En gros, le Steampunk est une uchronie, c’est à dire un passé alternatif qui nous présente une Angleterre Victorienne pour le moins décalée. Des avancées technologiques qui n’ont jamais eu lieu y côtoient des inventions étranges, des êtres fantastiques et de la sorcellerie. L’impact visuel certain auquel ces livres ont contribué nous ont donné plus tard un excellent manga comme Steamboy ou un film comme “The golden compass”, un fameux navet soi dit en passant.

L’époque Victorienne matinée de science-fiction et de magie, avec ses personnages autant illustres qu’imaginaires (comme Sherlock Holmes,  le docteur Jekyll et Mister Hyde, Frankenstein, le loup garou de Londres, ou Jack l’éventreur, bien réel celui là) et ses inventions improbables comme la machine à remonter le temps, est un terreau parfait pour exprimer les délires les plus extravagant et les histoires les plus fantaisistes.

Au début des années 80, Tim Powers publie ”Les voies d’Anubis” où un jeune californien va se retrouver projeté dans l’Angleterre Victorienne et devra échapper à un loup garou, à une secte d’adorateur d’Anubis,…et à des sauts temporels pour le moins gênants…

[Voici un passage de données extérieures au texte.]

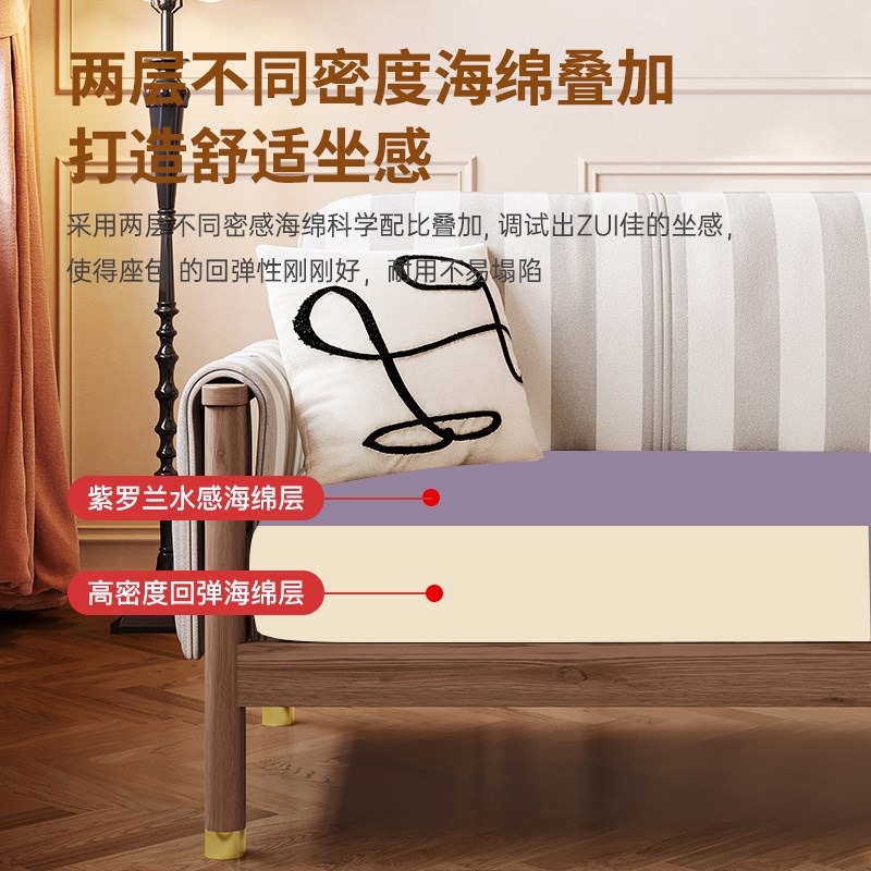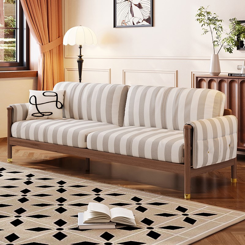北欧实木沙发白蜡木小户型客厅复古风直排三人可拆洗条纹布艺沙发

James Blaylock va publier en 1986 “Homunculus”, histoire saugrenue où il est question de Londres en 1870 et de l’Homoncule, cet être mystérieux ne dépassant pas 20 centimètres et dont tous les protagonistes chercheront à s’emparer. Les zombies et les savants fous seront de la partie…

 Quant à KW Jeter, il nous livre avec ses “Machines infernales” une course-poursuite sur les traces d’un horloger,  à Londres au 19ème siècle, dont la vie bascule dès le jour où un étrange automate entre en contact avec lui. Ce livre, à prendre au 33 ème degré, est tout de même nettement inférieur aux deux précédents. On notera toutefois que dès 1979, Jeter publia une suite de “La machine à remonter le temps” de Wells avec un roman intitulé “Morlock night”, jamais traduit en français à ce jour, et qui constitue la première tentative littéraire dans un univers Steampunk.

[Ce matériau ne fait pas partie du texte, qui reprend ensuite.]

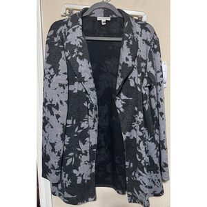 Dana Buchman Blazer Womens Sz L Gray Black Jacket Open Front Pockets Career

On retrouvera plus tard les deux papes du Cyberpunk, Bruce Sterling et William Gibson, qui donneront une pierre a l’ édifice Steampunk en publiant ensemble “La machine à différence”.

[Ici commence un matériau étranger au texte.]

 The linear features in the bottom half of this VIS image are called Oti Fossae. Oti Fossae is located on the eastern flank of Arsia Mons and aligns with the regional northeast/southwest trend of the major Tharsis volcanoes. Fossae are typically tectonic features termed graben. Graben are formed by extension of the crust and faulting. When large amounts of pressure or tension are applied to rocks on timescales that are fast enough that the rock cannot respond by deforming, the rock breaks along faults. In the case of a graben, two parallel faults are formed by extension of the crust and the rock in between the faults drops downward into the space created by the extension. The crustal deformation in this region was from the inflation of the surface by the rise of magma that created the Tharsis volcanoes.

Ce concept s’est également décliné au travers de divers jeux de rôle, notamment “Space 1889″ qui n’a jamais eu le succès escompté ainsi que l’excellent “Château Falkenstein”.

Des éléments Steampunk se retrouvent bien évidemment dans toute une série d’oeuvres qui jamais n’ont utilisé cette étiquette. On peut penser au cycle de bandes dessinées “Les Cités Obscures” de Schuiten et Peeters, à la série “le réseau Bombyce” de Cecil et Corbeyran, ou encore à l’illustrateur et auteur de manga Tatsuyuki Tanaka et son projet Cannabis Work (voir illustration centrale).

L’ère Victorienne n’est qu’un exemple représentatif de ce courant littéraire car il existe bien d’autres univers qui sont passé à la moulinette du Steampunk. On pense par exemple à l’univers western “tuné” de  Wild wild west.

Bref, le Steampunk est aujourd’hui le concept qui reprend à son compte le mélange des époques. Il préfigure peut-être avec l’esthétique du passé ce que sera la mode de demain.